Critical Condition: The Split

The Split | TVNZ 1, 8.30 Friday

☆☆☆☆ “The story of two generations of lawyers working the high-end divorce circuit in their respective firms … The interplay of family and office politics, the shifting perspectives on marriage from people at different stages of loving and being left, the ramifications of abandonment and failure, the fragility of family, all of it refracted through a primarily female lens is a meal by itself.” — The Guardian.

☆☆☆☆ “’Do you enjoy watching people tear themselves apart?’ an uncomprehending civilian asks one of the many divorce lawyers during the opening episode of The Split. It was obviously intended to be some sort of put down, but the question might have been better directed to the audience who, me included, were watching this drama mostly on the basis that they would indeed be enjoying watching people tear themselves apart; nothing wrong with it, either.” — The Independent.

☆☆☆☆ “The question, though, is whether a knockout performance can sustain a series that, on this evidence at least, looks pretty humdrum. If divorce law is to be interesting, then we need to care about the people involved. And, frankly, I didn’t care one jot about the clients in the first episode … If the series moves away from the boardroom into more domestic waters, it could be very good indeed.” — The Telegraph.

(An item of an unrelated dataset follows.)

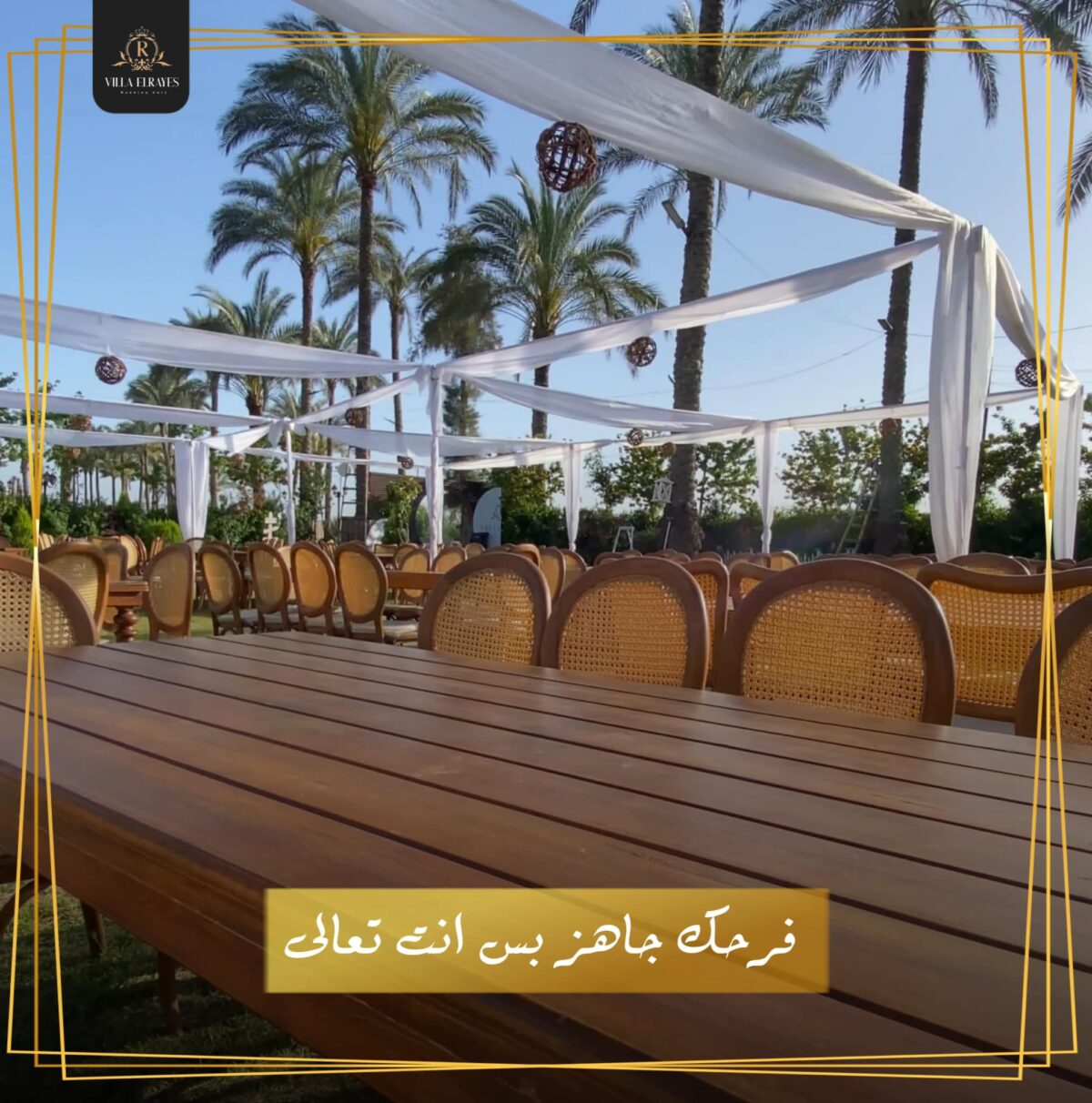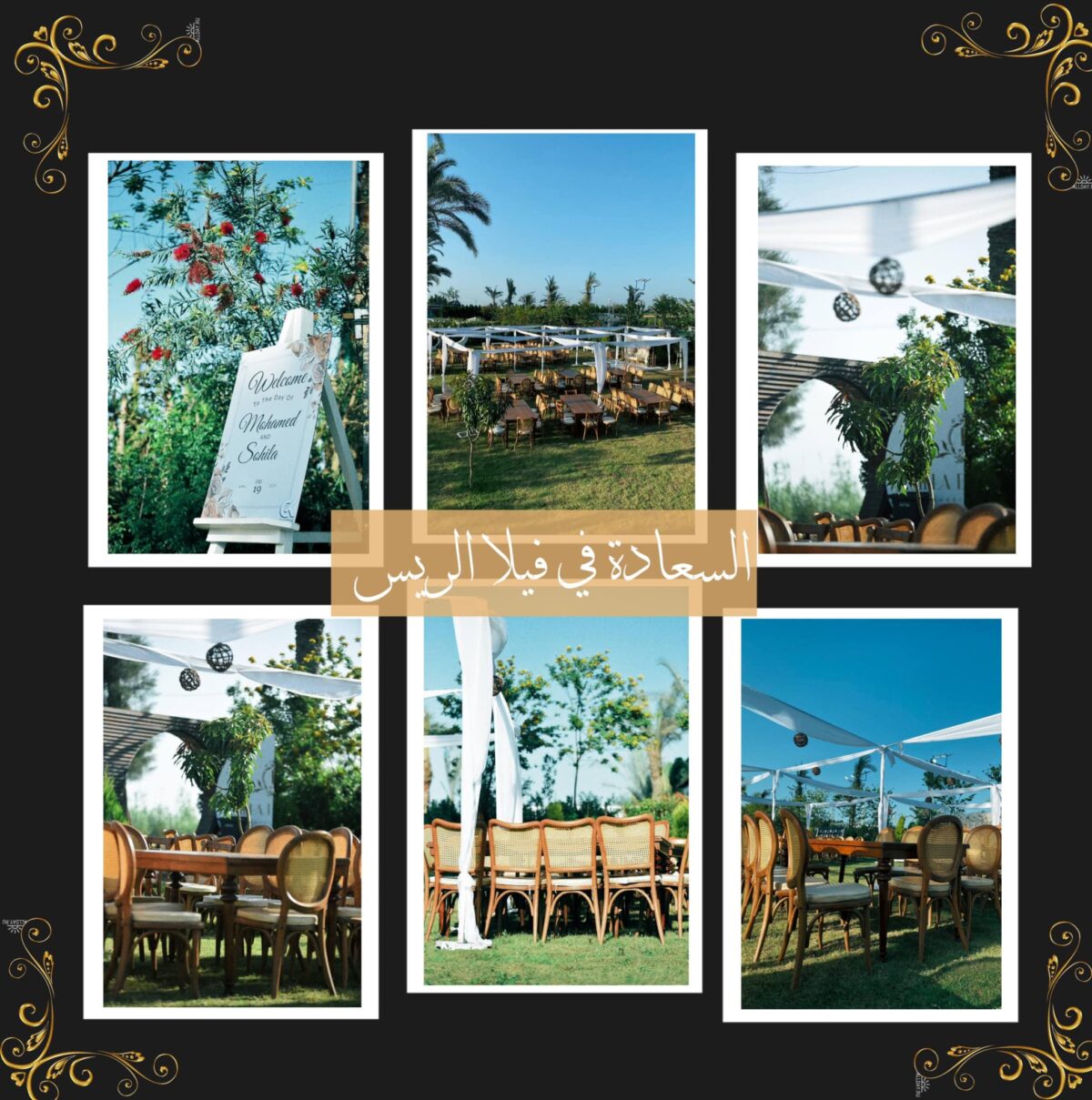 الفيلا فيها أماكن مفتوحة وجلسات داخلية بتسمح بتنظيم الفرح أو الخطوبة أو كتب الكتاب بشكل مريح، مع توزيع للطاولات يناسب عدد الضيوف.

☆☆The longer I watched, the more compelling I found it. What a relief to be presented with a drama in which women are allowed to enjoy their work, and even to be wildly good at it, without their private lives also being offered up as a total failure. [Abi] Morgan’s characters do not wander the lonely tundra after hours, bottle of white wine in hand; they have – just imagine it! – families, friends, and even lovers.” — New Statesman.

☆☆☆ The Split is gloss and glam (everyone lives in fabulously large houses and dresses impeccably – but then, they’re all presumably very well paid) and drew some flak when it screened in Britain for some nonsensical legal jargon, but at its heart are universal themes, about the personal choices we make, how events are shaped by the past and how the years affect our perspectives towards love and marriage.” — Sydney Morning Herald.